Her husband never collected the money from her insurance policy because the death was under investigation.

He was arrested yesterday morning, shortly after he had gone on the air to host his talk show, ''Party Line," on KLIK-AM in Jefferson City, according to Scott Boltz, marketing manager for Cumulus Broadcasting, which owns the station.

''I'm shocked," Boltz said of the allegations. ''It's pretty devastating. He has a lot of friends here."

Boltz said Keown -- who told people he had done stints at ESPN -- has worked at the station in his hometown for about a year and had become so popular that last week he began hosting two hours in the afternoon.

''The guy is personable beyond belief," Boltz said. ''He knew no strangers."
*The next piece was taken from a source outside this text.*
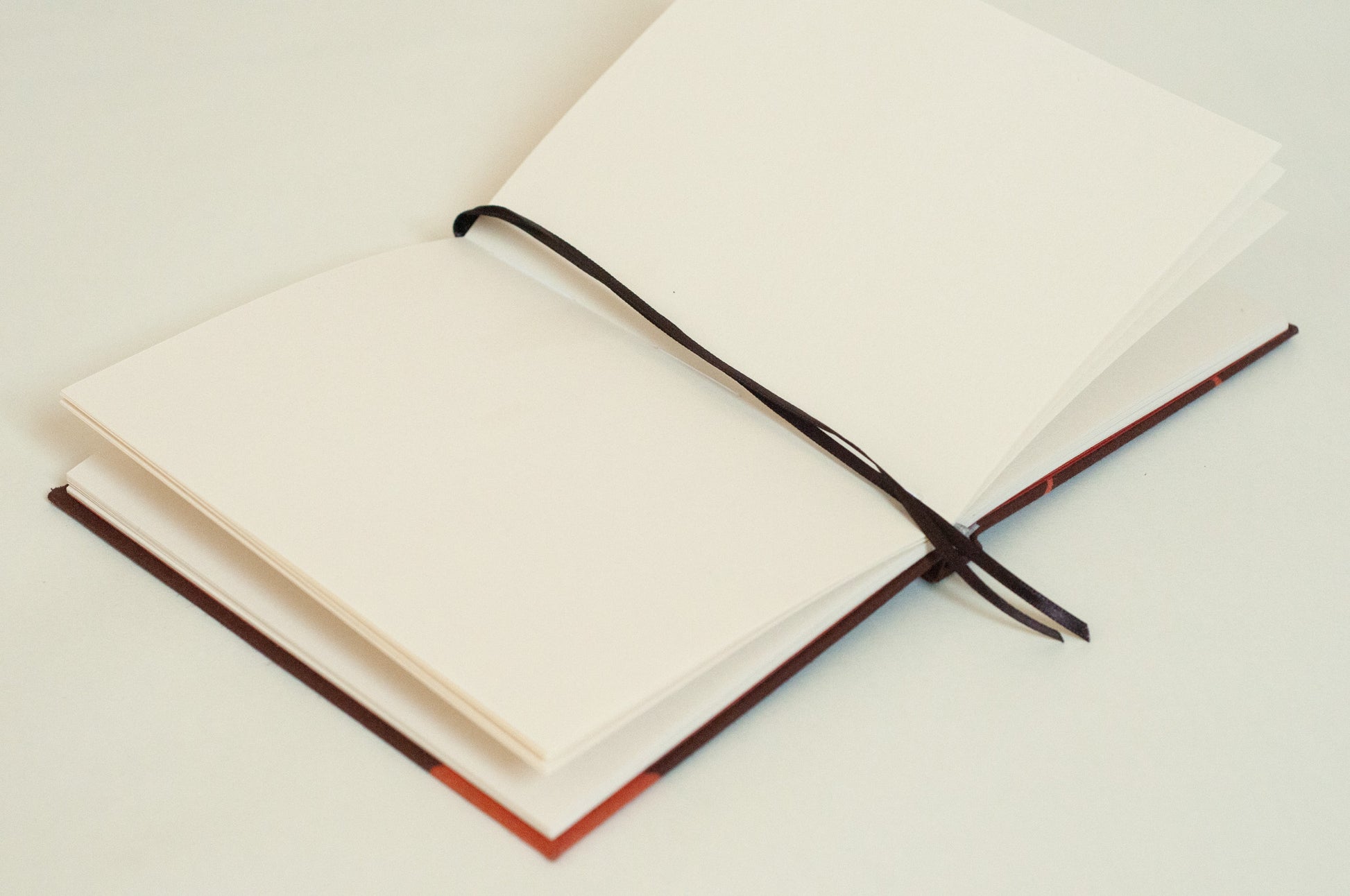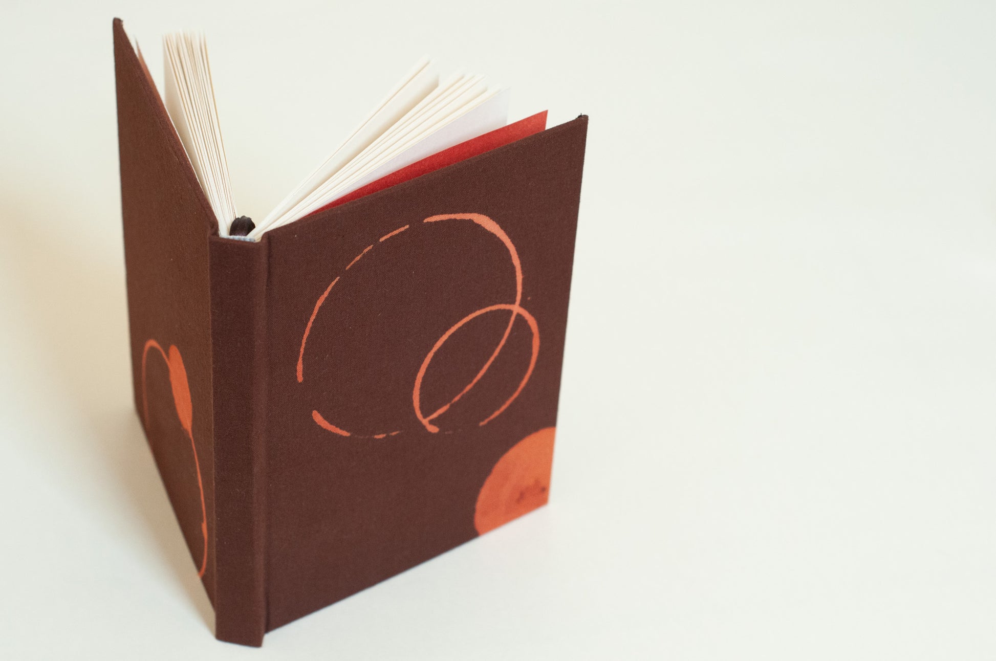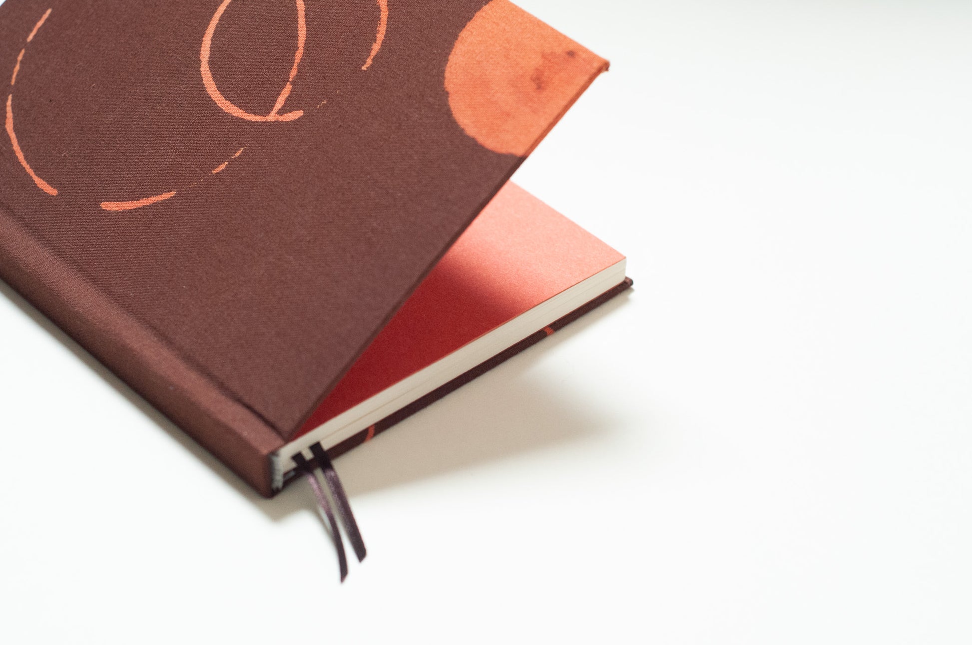 capa dura revestida em tecido 100% algodão | 13cm x 17cm | 96 páginas sem pauta em papel Pólen Bold 90g - livre de químicos e cor levemente amareladinha | guarda em papel Materica Terra Rossa 120g | duplo marcador de páginas em cetim

After his arrest, Keown, who was indicted by a Middlesex grand jury last Thursday, waived rendition at a Cole County Circuit Court in Missouri, according to Emily LaGrassa, a spokeswoman for Coakley. He is expected to be arraigned in a Middlesex County court later this week.

A Jefferson City woman who identified herself as his mother declined to comment when a reporter called her home last night.
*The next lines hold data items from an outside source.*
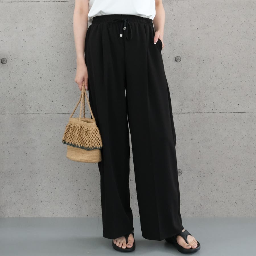 軽やか素材で涼しく着られる梨地タックイージーパンツ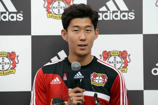 레버쿠젠 시절 손흥민 모습. 독일 프로축구 바이엘 레버쿠젠에서 활약하고 있는 손흥민이 서울 용산구 한강로 용산아이파크몰 풋살경기장에서 유소년 축구 클리닉을 진행하기 앞서 기자들의 질문에 답하고 있다. 이번 행사는 손흥민, 류승우, 슈테판 키슬링, 시몬 롤페스 등 FC서울과 친선 경기를 위해 한국을 찾은 바이엘 레버쿠젠 소속 선수들이 국내 어린이들에게 독일 명문 구단의 문화와 기술을 전수해주는 기회로 마련됐다. 2014.7.31/뉴스1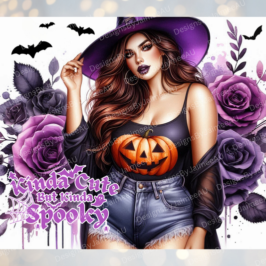 "Kinda Cute, Kinda Spooky" Curvy Witch Digital 20oz Sublimation Tumbler Wrap

Relatives of Julie Keown, whose maiden name was Oldag, did not return calls to their homes in Missouri.

Deborah Singleton, who lives next door to the house at 52 School St. in Waltham where the couple lived for about nine months, said she realized Keown was suspected of murdering his wife when detectives questioned her shortly after Julie Keown died.
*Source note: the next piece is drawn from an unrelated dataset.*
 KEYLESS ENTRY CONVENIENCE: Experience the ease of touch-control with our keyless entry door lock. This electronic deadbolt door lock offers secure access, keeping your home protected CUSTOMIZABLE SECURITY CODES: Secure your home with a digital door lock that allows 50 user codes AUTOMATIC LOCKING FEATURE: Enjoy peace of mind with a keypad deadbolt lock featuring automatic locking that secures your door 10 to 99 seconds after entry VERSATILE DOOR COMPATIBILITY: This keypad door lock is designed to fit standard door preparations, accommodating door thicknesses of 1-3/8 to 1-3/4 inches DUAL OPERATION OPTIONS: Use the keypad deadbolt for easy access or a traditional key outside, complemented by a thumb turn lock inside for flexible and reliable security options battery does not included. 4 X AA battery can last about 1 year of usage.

Singleton told a reporter she had only seen the couple three times since they moved in, the last time when Julie Keown was taken by ambulance to the hospital, four days before she died.

''My bedroom is in the back of the house, maybe 12 feet from their house," she said. ''I never heard a noise."

As Coakley described it, James Keown moved to Massachusetts while working for the Learning Exchange. His wife persuaded her employer -- Cerner, a Kansas City-based health care information technology company -- to approve a telecommute arrangement similar to her husband's, Coakley said.

In May, Julie Keown began suffering symptoms that doctors initially thought might be gastritis. She was hospitalized at Newton-Wellesley for four days in late August, but began feeling better, Coakley said. But on Sept. 4, she went back to the hospital. The following day, after she had slipped into a coma, hospital workers detected ethylene glycol, the poisonous substance found in antifreeze, in her system and began giving her an antidote.

Two days later, Julie Keown's parents told the police they suspected she had been deliberately poisoned, Coakley said. The same day, hospital officials called Waltham police to report a suspected poisoning, and State Police and the district attorney opened an investigation.

On Sept. 8, Keown died. The state medical examiner's office conducted an autopsy, Coakley said, but the office did not rule on the manner and cause of death until recently, in part because officials needed the results of toxicological tests.

Coakley said James Keown chose Gatorade to lace because ethylene glycol is a syrupy substance that is sweet to the taste and is concealable in the sports drink. His wife drank lots of it because she wanted to replace minerals she was losing as a result of vomiting, Coakley said.

Alfred Aleguas, clinical manager with the Regional Center for Poison Control and Prevention serving Massachusetts and Rhode Island, said long-term consumption of ethylene glycol can cause organ failure.

''Ethylene glycol by itself is not poisonous, but it metabolizes to some very poisonous acids," Aleguas said. ''People that drink ethylene glycol initially appear intoxicated, and they can have slurred speech, difficulty walking, and glassy eyes."

Singleton, the Keowns's former neighbor, yesterday recalled James Keown's response last fall when she expressed sympathy after his wife's death.

Keown ''told me that they were testing, trying to test all her fluids," Singleton said. ''He said it'd take some time to determine her cause of death. He said it was very shocking and that he didn't know whether he was going to go back home or whether he was going to stay here. He was leaning toward going home."